It would be grimly amusing watching ministers flailing around for any policy that sticks, if it weren’t so dangerous.

Underlying all this is the perennial canard that it’s up the Government do something – anything, really – about social ills, whether they leap from your computer screen or lurk in the supermarket aisle. Whether these policies actually achieve much is almost beside the point, provided ministers can show that they ‘did something’.

Unfortunately, in seeking to ‘help’, government can often do more harm than good. Take the previously announced, then scrapped, then re-announced age verification for pornography sites: the dreaded ‘Porn Laws’. While it sounds like a noble cause – protecting children from explicit content – the legislation’s wide-reaching and invasive implementation will change the way we use the internet for the worse.

Under the proposed changes, adults will be required to enter personal biographical or financial info, through a passport or credit card, to gain access to certain websites. And it’s not even for websites that primarily host pornographic content, but any websites that might inadvertently host what could be considered explicit content, which includes pretty much every social media website. With the threat of a fine worth 10% of worldwide turnover for non-compliance, companies will be pretty much forced to toe the line, regardless of their customers’ views on the matter.

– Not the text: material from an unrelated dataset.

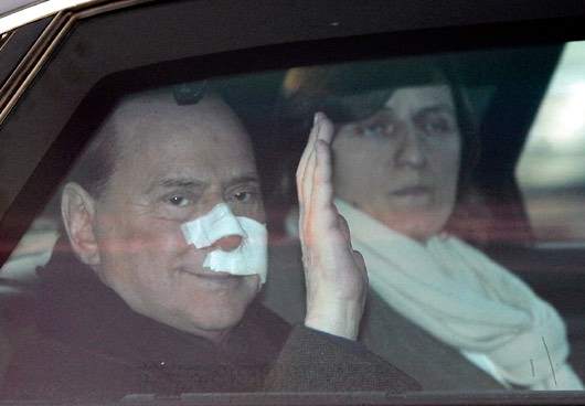 贝卢斯科尼乘轿车离开医院时,还向路人挥手致意。

Are we really about to enter a world where you need your passport or driving licence to get on Twitter? More to the point, this kind of age verification won’t even work, as any vaguely tech-savvy teen can easily use a VPN to circumvent the rules. Illiberal? Check. Overly prescriptive? Check. Unlikely to achieve the desired aims? Check.

Any other example you pick tick the same boxes. A ban on advertising high fat, salt, and sugar foods which will raise production costs, pointlessly encompass staples like sausages and peanut butter, and only reduce children’s caloric intake by about 3 calories per day? Check. Check. Check.

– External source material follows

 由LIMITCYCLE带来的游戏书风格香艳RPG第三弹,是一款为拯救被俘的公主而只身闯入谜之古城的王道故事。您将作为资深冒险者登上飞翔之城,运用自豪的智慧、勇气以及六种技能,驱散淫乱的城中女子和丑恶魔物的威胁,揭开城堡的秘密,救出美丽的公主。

As well as showing little regard for effectiveness, scope or burden, these policies set dangerous precedents. We should all shudder at the phrase ‘legal but harmful’ as indicative of the true intentions of Government policy – cracking down on perfectly legal activities because it makes the Government look like they care. In the evergreen words of Ronald Reagan: ‘The nine most terrifying words in the English language are, ‘I”m from the Government and I’m here to help.’

Rather than draining time, resources and governmental focus on trying to find problems with perfectly legal activities, the Government should focus on the illegal activities people actually care about – crime, fraud, people trafficking and the like. There is so much scope for the Government to be more effective at their core responsibilities: they could create a more efficient and effective immigration framework, they could tackle drug-related crime by liberalising drug laws, they could fully legalise housebuilding (chance would be a fine thing). Instead of focusing on what they could do to make our lives better, we are left with finger-wagging about what we are supposedly doing wrong.

So it’s not about whether or not you have to put in personal information to view porn. Or whether or not you think cruel comedy should be censored. Or whether or not you want sugary cereals off your TV screens. It’s about a larger trend of government mission creep, away from policing the illegal and improving the lives of all, towards a genuine Nanny State.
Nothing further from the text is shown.